Lessen the communication with your ex. You may think that this method is in oppose with what you want to achieve which is reconciling after breaking up with your ex but this will actually help you and your ex sort things out. Cutting the means of communication for a while will give you and your ex the time to reflect on things. As the saying goes "absence makes the heart grow fonder." The lack of communication increases the desire for it and if your relationship really deserves a second chance, you will both realize the value of each other and can't wait to talk to each other again.
Be reasonable and flexible. Accept that breaking up is part of any romantic relationship and this can be temporary or permanent. Do not get angry or do things you will regret just because he or she dumped you. Be reasonable and do not burn bridges or act out of anger because reconciling after breaking up could be really hard if you will burn bridges. For instance, do not be too demanding or return all the things or gifts that your ex gave to you. This is very childish and immature. Try to be flexible and understand the situation and your ex will be surprised to see how mature you are.

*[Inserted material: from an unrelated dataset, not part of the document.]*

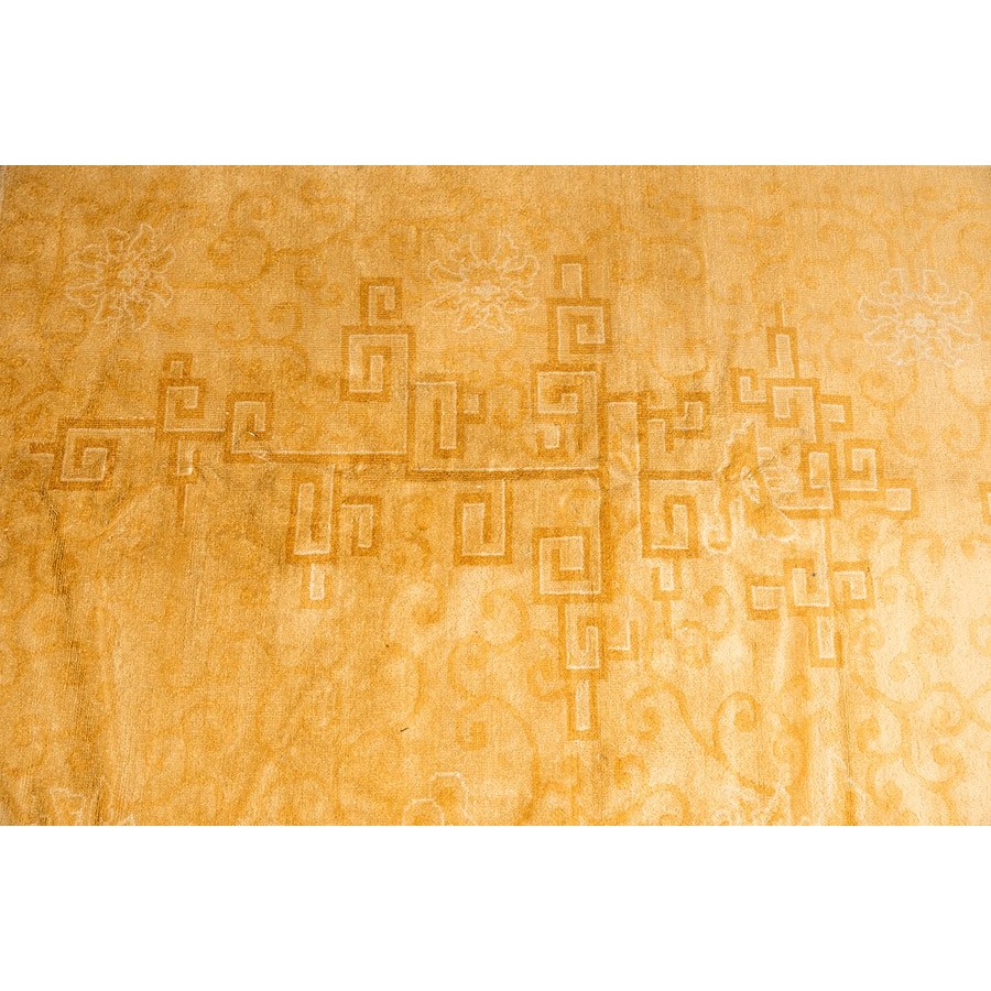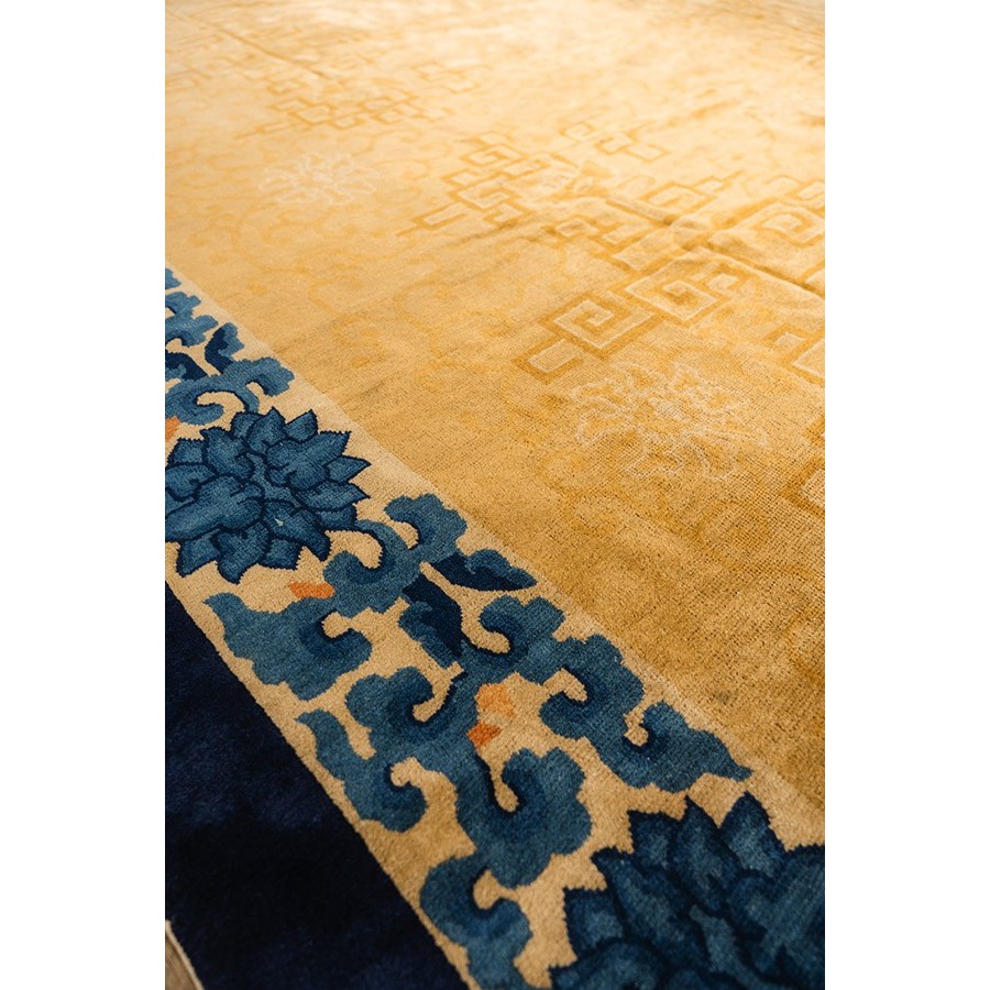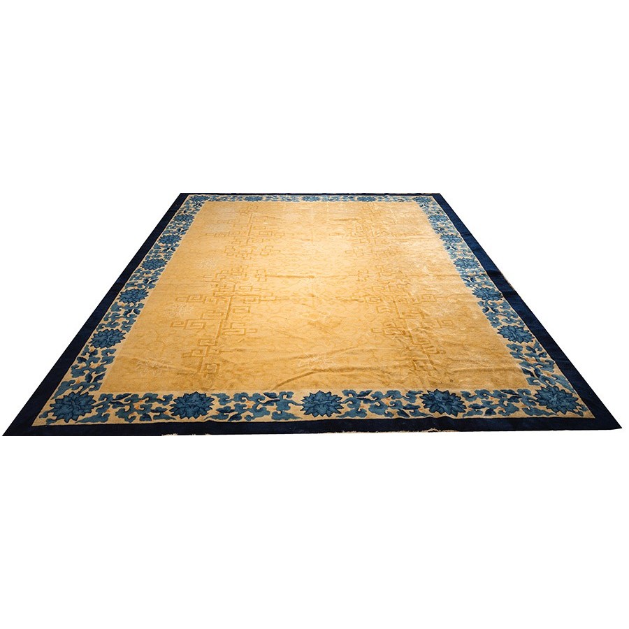 DescriptionChineseCarpets made in China proper. See entries Ningshia, Peking, Art Deco. Chinese - PekingThe commercial Peking carpet is a later 19th century development, begun by importing weaves from Ningshia (see entry) to create and export industry aimed at Western markets. The foundation is cotton and the pile is a good quality carpet wool which takes dyes particularly well. The neat medium weave is in Persian (asymmetric) knots. Designs are strictly Chinese and the whole motif repertoire of Chinese art is employed. Blue and white is the most popular color combination and red is particularly rare. Sizes tend to 9 x 12 and larger, and few small pieces appear. For a short time in the early 1920s Persian designs were woven to capitalize on the death of new Iranian goods. The industry decimated by the Communist Revolution relocated to the Pearl River area. There is a good supply of antique carpets at reasonable prices. | |

Avoid isolation or being alone. You need to go out and enjoy the company of other people. Although you have plans of reconciling after breaking up, it can be really hard to fix a broken relationship if you are not in good condition. It will be easier to win an ex back when you are on your best and in control of your emotions. You need to recuperate and mend your broken heart and being alone is not the best way to deal with a break up. You need to go out and meet other people. It doesn't mean that you have to date but seeing old friends and meeting new friends is like a therapy for you to heal the sadness and pain brought by your recent break up.
Getting an ex back is sometimes not easy but it is not impossible.